=== What the task requires ===
Bring back every record exactly, except for the pictures, which stay out.

[Records contained in a dataset]
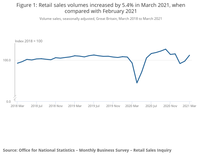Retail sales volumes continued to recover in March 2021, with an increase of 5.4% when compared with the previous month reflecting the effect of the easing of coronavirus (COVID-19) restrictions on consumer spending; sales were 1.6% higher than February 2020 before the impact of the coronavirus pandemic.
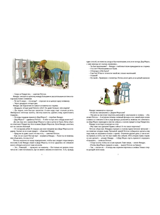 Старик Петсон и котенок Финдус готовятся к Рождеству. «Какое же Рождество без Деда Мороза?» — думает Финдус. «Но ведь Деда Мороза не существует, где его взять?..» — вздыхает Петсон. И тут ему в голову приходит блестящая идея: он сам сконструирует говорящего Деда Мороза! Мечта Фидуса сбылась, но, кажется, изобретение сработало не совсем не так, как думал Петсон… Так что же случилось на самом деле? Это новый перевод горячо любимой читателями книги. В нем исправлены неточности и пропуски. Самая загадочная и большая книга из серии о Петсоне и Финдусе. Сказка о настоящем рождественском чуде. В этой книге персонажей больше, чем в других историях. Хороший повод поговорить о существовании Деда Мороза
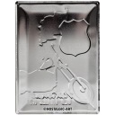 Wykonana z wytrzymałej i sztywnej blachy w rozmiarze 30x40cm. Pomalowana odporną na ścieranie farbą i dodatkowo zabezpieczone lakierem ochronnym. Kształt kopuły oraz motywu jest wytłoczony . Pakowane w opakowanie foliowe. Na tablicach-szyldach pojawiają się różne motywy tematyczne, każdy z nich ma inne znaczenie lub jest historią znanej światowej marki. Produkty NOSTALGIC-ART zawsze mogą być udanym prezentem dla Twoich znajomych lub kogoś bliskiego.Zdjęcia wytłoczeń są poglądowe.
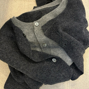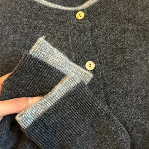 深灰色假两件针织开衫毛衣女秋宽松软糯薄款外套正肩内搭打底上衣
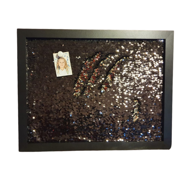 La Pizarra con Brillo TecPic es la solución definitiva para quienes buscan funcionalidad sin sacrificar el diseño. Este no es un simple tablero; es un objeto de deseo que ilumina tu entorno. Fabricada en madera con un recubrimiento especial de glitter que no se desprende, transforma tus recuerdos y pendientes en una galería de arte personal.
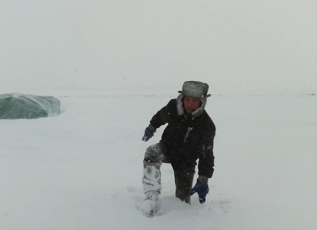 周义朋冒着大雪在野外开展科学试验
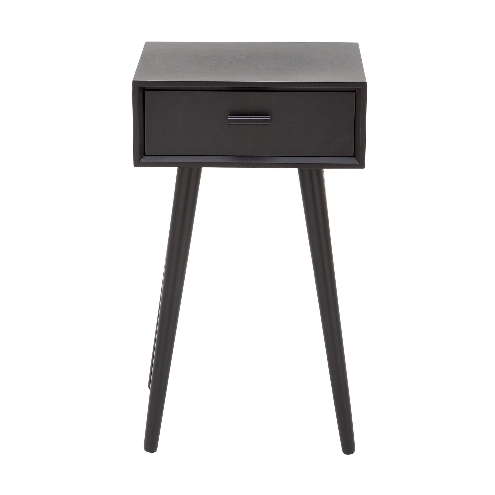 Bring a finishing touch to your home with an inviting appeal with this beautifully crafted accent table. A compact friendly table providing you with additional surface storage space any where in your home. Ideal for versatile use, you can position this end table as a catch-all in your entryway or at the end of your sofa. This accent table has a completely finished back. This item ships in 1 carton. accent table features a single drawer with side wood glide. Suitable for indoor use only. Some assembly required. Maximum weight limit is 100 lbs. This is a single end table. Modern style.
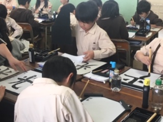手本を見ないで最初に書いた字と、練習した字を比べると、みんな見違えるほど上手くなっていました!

=== Output for this task ===
Retail sales volumes continued to recover in March 2021, with an increase of 5.4% when compared with the previous month reflecting the effect of the easing of coronavirus (COVID-19) restrictions on consumer spending; sales were 1.6% higher than February 2020 before the impact of the coronavirus pandemic.
 Старик Петсон и котенок Финдус готовятся к Рождеству. «Какое же Рождество без Деда Мороза?» — думает Финдус. «Но ведь Деда Мороза не существует, где его взять?..» — вздыхает Петсон. И тут ему в голову приходит блестящая идея: он сам сконструирует говорящего Деда Мороза! Мечта Фидуса сбылась, но, кажется, изобретение сработало не совсем не так, как думал Петсон… Так что же случилось на самом деле? Это новый перевод горячо любимой читателями книги. В нем исправлены неточности и пропуски. Самая загадочная и большая книга из серии о Петсоне и Финдусе. Сказка о настоящем рождественском чуде. В этой книге персонажей больше, чем в других историях. Хороший повод поговорить о существовании Деда Мороза
 Wykonana z wytrzymałej i sztywnej blachy w rozmiarze 30x40cm. Pomalowana odporną na ścieranie farbą i dodatkowo zabezpieczone lakierem ochronnym. Kształt kopuły oraz motywu jest wytłoczony . Pakowane w opakowanie foliowe. Na tablicach-szyldach pojawiają się różne motywy tematyczne, każdy z nich ma inne znaczenie lub jest historią znanej światowej marki. Produkty NOSTALGIC-ART zawsze mogą być udanym prezentem dla Twoich znajomych lub kogoś bliskiego.Zdjęcia wytłoczeń są poglądowe.
 深灰色假两件针织开衫毛衣女秋宽松软糯薄款外套正肩内搭打底上衣
 La Pizarra con Brillo TecPic es la solución definitiva para quienes buscan funcionalidad sin sacrificar el diseño. Este no es un simple tablero; es un objeto de deseo que ilumina tu entorno. Fabricada en madera con un recubrimiento especial de glitter que no se desprende, transforma tus recuerdos y pendientes en una galería de arte personal.
 周义朋冒着大雪在野外开展科学试验
 Bring a finishing touch to your home with an inviting appeal with this beautifully crafted accent table. A compact friendly table providing you with additional surface storage space any where in your home. Ideal for versatile use, you can position this end table as a catch-all in your entryway or at the end of your sofa. This accent table has a completely finished back. This item ships in 1 carton. accent table features a single drawer with side wood glide. Suitable for indoor use only. Some assembly required. Maximum weight limit is 100 lbs. This is a single end table. Modern style.
手本を見ないで最初に書いた字と、練習した字を比べると、みんな見違えるほど上手くなっていました!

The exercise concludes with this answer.